Mick Conlan didn’t get to fight in New York City on March 17, his annual headlining appearance in the Big Apple called off due to the COVID-19 outbreak. That’s okay, once the world gets back to normal, he’ll get back in the ring and pick up on his plan for this to be the biggest year of his career.
“I’ve been saying it from last year, I know this is gonna be the big year and this is gonna be the year when I become world champion, so I’m excited,” he said.
That’s in the ring. Outside it, there are worldwide health issues to deal with and a new way of life, at least for the time being. But there’s still a fight to be had, and Conlan’s not done fighting it.
“I’ve seen the effects on the people left behind,” he said. “I broke down crying once or twice in front of the families I was talking to because it does really break my heart seeing my people affected the way they’ve been affected. It’s one of the most heart-wrenching things you’ll see.”
Conlan doesn’t want to see it anymore. Not just for the people of Northern Ireland he doesn’t know, but for the ones he does, mainly his two little ones at home. Thanks to their father’s notoriety, they won’t live the same lives as those struggling day-to-day in West Belfast. But their friends might, and through social media and the media, they will be exposed to such tragedies if help isn’t given to those who need it.

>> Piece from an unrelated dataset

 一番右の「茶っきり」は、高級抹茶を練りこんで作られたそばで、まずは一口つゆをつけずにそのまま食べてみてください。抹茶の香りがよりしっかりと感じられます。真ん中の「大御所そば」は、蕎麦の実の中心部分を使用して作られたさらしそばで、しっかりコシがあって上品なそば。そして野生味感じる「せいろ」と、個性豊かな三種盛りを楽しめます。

“It’s a vicious cycle which is very hard to break and that’s what I’m trying to do – I’m trying to break that cycle for the next generation,” said Conlan. “I have young kids myself and to see my kids seeing this kind of thing, it’s kind of normalized. It’s happened so much and then they have the big funerals and stuff, because they’re young kids and they’ve got all the friends and families who want to show support, but at the same time it kind of glamorizes it and I don’t like that.”
So he’s doing something about it, proving once more that champions don’t always have gold belts.